Brasília, 13 (AE) - O governo federal deverá começar a discutir nos próximos dias o novo contrato de refinanciamento da dívida do Rio, segundo informou o secretário do Tesouro Nacional
Eduardo Guimarães.
O governo fluminense deverá pagar uma taxa de juros de 9% ao ano - maior do que a dos demais Estados, que pagam 6% ou 7 5%. Isso porque o Rio não tem patrimônio para vender e quitar pelo menos 10% da dívida, como fizeram os outros.
Dos 24 Estados que negociaram o refinanciamento das dívidas pelo governo federal, o Rio é o único que não tem contrato em funcionamento.
O acordo foi fechado pelo ex-governador Marcello Alencar (PSDB), mas não chegou a ser aprovado pelo Senado e, portanto, não entrou em vigor. Por essa razão, o governador Anthony Garotinho (PDT) poderá renegociar os termos do contrato.
Para isso, segundo informou Guimarães, será necessário modificar o texto da Lei 9.496 para reabrir o prazo de renegociação da dívida, originalmente encerrado em 30 de junho.

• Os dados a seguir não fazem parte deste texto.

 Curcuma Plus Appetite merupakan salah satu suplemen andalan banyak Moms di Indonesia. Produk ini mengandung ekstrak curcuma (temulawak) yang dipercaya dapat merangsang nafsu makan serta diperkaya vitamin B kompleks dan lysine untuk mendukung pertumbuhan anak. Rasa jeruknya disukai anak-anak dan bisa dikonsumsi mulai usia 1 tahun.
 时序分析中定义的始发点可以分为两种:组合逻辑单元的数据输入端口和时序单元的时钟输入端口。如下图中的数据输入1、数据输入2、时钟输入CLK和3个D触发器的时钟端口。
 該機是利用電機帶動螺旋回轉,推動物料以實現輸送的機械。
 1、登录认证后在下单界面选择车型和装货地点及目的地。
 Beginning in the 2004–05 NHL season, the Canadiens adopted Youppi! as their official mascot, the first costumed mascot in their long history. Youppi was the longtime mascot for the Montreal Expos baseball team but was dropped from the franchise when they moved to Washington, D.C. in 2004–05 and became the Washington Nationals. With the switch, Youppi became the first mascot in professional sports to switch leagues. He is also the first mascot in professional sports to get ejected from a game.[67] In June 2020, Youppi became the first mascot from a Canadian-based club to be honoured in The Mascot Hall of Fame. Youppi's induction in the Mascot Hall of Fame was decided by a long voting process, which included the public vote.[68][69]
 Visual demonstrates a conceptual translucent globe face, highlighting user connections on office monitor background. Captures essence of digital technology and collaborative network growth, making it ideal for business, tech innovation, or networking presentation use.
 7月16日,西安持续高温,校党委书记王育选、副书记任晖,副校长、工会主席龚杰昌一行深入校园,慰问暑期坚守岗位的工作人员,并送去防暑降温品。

Ele disse que também será analisada uma forma para igualar a situação do Rio à dos demais Estados, no que diz respeito ao pagamento da dívida mobiliária (em títulos). Até o Tesouro resolver renegociar essas dívidas, elas não estavam sendo pagas, mas simplesmente roladas. Quando um Estado assinava o contrato, começava a pagar a dívida. Nesse ponto, o Rio foi beneficiado com a postergação do refinanciamento.
Outro ponto complicado é a falta de condições do Rio pagar a conta gráfica. A conta gráfica corresponde a 20% ou 10% da dívida refinanciada pelo Tesouro Nacional, que os Estados deveriam pagar "à vista", com as receitas de privatização. Na verdade, os Estados tiveram prazo até 30 de novembro de 1998 para quitar a conta gráfica e, em alguns casos, o prazo vai até 30 de novembro de 1999. No caso do Rio, no entanto, o Estado não tem bens para pagar a conta gráfica.

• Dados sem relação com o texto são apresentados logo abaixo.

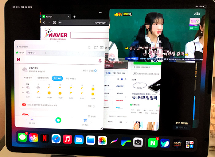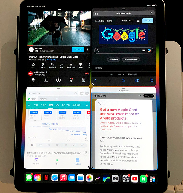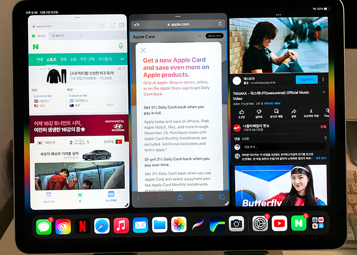 가로 화면 멀티태스킹 기능이라서 앱들을 윈도(창)처럼 활용이 가능합니다. 우선은 간단하게 네이버 앱 / 사파리 / 유튜브 이렇게 3개의 앱을 한 화면에 분할시켜 사용을 해봤습니다.

Por isso, o Estado deverá pagar taxas de juros mais elevadas - no caso, 9% ao ano, mais a variação do Índice Geral de Preços-Disponibilidade Interna (IGP-DI). Os Estados que conseguiram pagar 20% da dívida têm juros de 6%; se pagaram 10% na conta gráfica, pagam juros de 7,5%. O Rio é o primeiro caso em que o juro será 9%. Essa relação entre conta gráfica e juros é a mesma que vigorará nos contratos de refinanciamento das dívidas municipais.